- **About this task**: Every entry below must be retyped exactly, and the pictures must be left out.

[Opening Data for processing section]

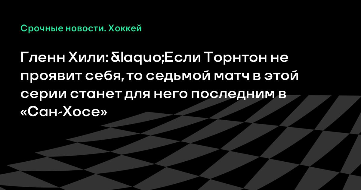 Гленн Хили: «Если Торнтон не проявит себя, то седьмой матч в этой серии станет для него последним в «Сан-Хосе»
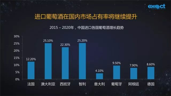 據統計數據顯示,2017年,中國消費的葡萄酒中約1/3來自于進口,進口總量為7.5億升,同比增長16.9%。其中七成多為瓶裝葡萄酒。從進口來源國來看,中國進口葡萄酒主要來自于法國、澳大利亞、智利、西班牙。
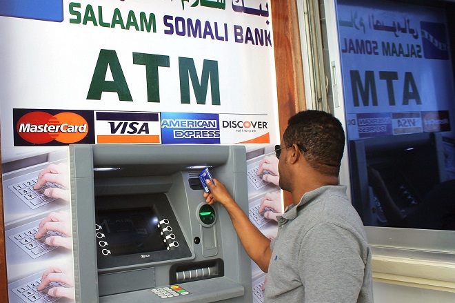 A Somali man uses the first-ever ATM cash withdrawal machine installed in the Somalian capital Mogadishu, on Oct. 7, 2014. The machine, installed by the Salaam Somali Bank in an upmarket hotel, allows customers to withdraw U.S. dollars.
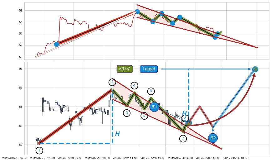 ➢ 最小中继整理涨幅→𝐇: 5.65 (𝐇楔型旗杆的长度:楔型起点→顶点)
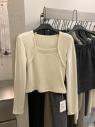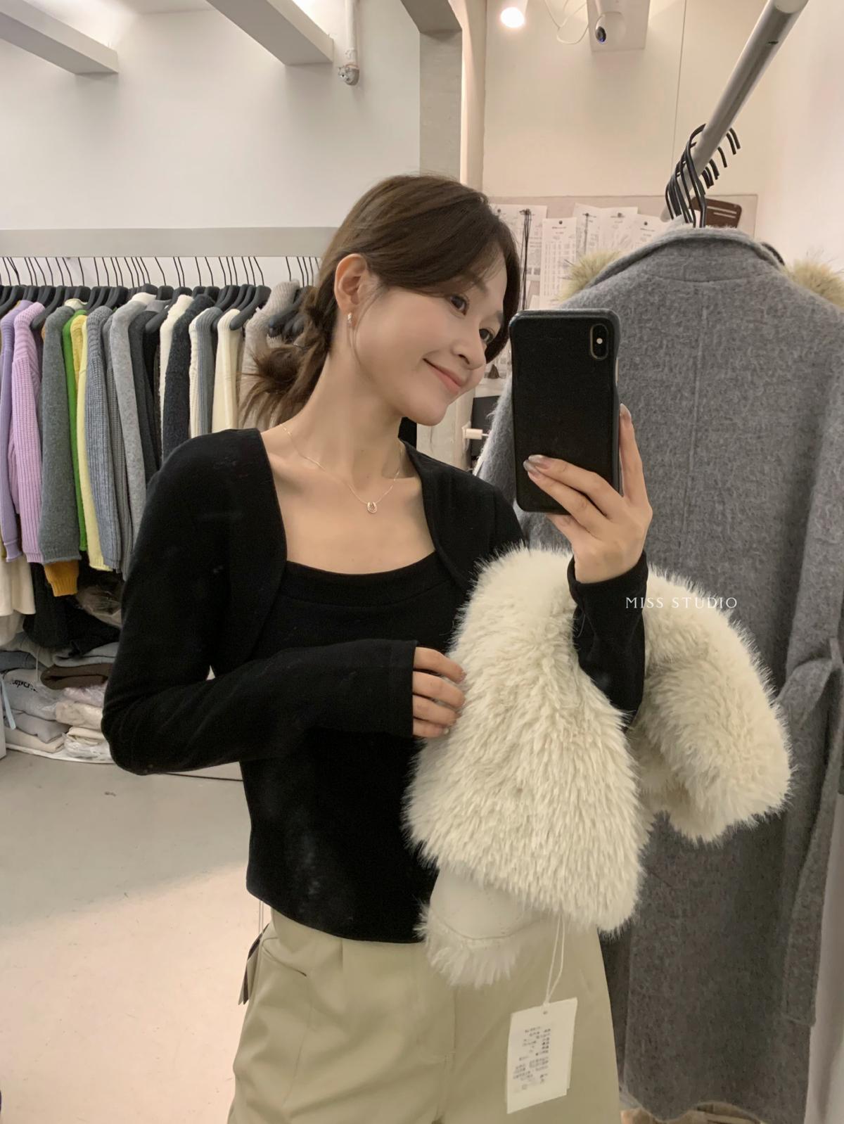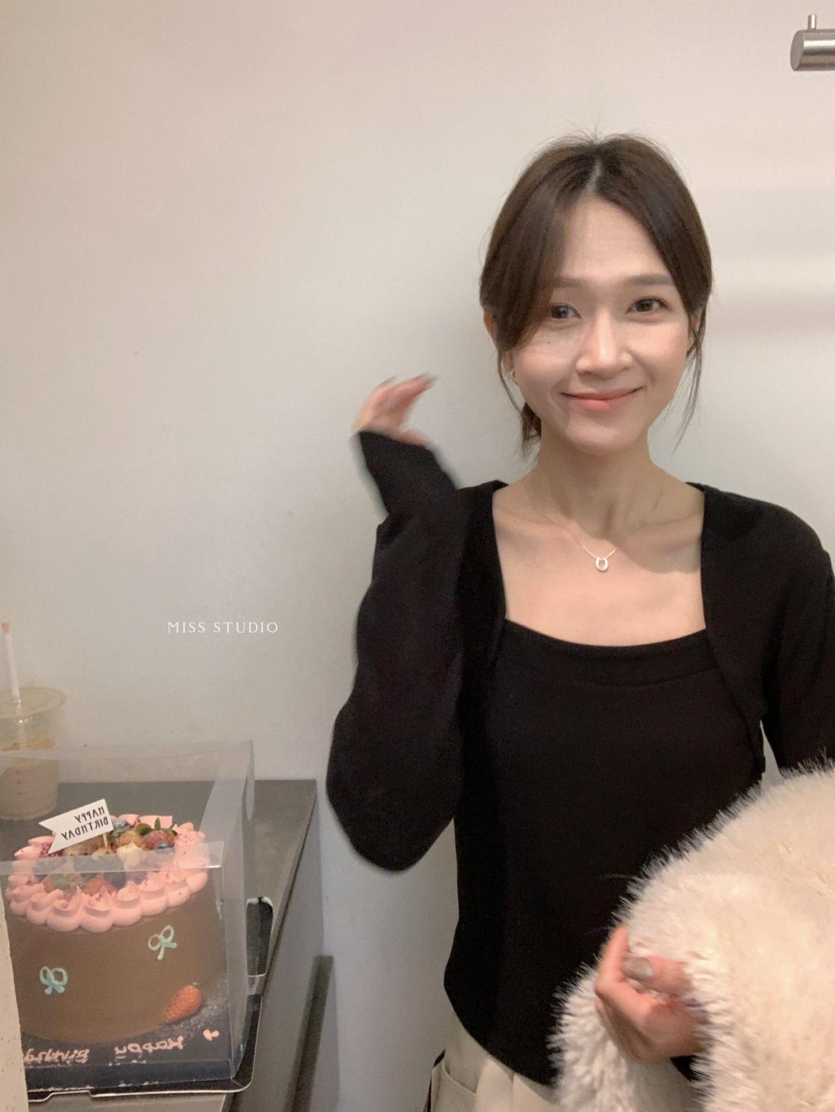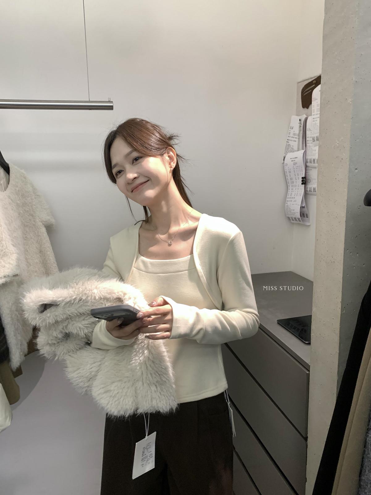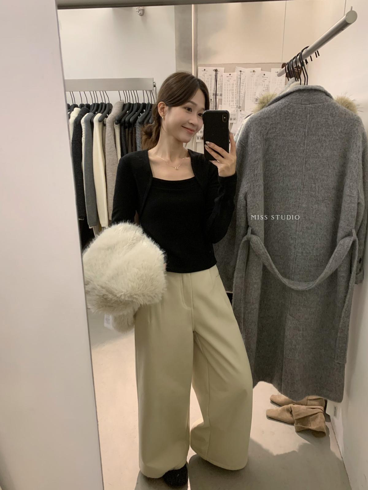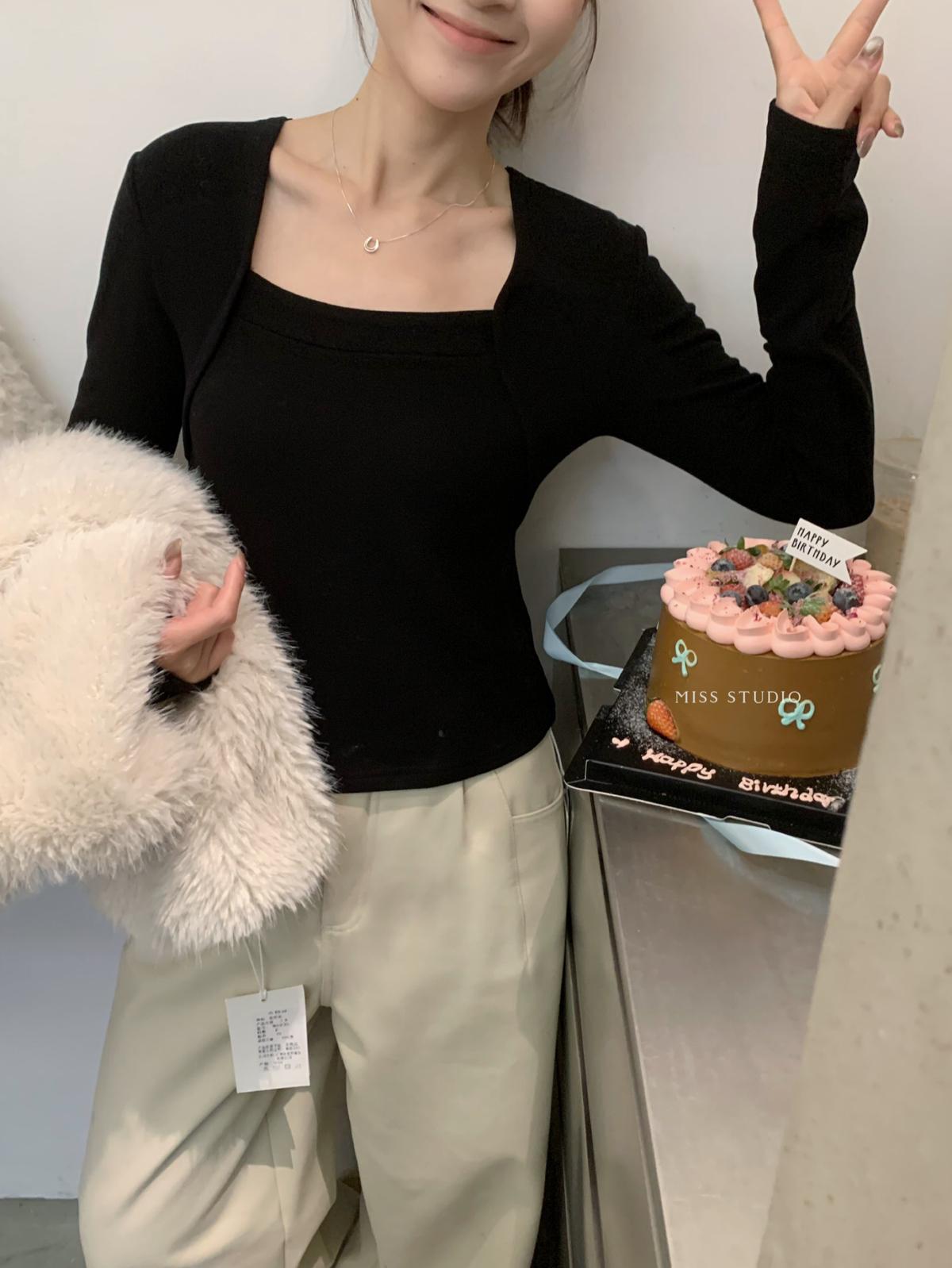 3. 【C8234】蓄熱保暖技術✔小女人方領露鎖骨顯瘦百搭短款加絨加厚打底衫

[Closing Data for processing section]

- **Solution below**:
 Гленн Хили: «Если Торнтон не проявит себя, то седьмой матч в этой серии станет для него последним в «Сан-Хосе»
 據統計數據顯示,2017年,中國消費的葡萄酒中約1/3來自于進口,進口總量為7.5億升,同比增長16.9%。其中七成多為瓶裝葡萄酒。從進口來源國來看,中國進口葡萄酒主要來自于法國、澳大利亞、智利、西班牙。
 A Somali man uses the first-ever ATM cash withdrawal machine installed in the Somalian capital Mogadishu, on Oct. 7, 2014. The machine, installed by the Salaam Somali Bank in an upmarket hotel, allows customers to withdraw U.S. dollars.
 ➢ 最小中继整理涨幅→𝐇: 5.65 (𝐇楔型旗杆的长度:楔型起点→顶点)
 3. 【C8234】蓄熱保暖技術✔小女人方領露鎖骨顯瘦百搭短款加絨加厚打底衫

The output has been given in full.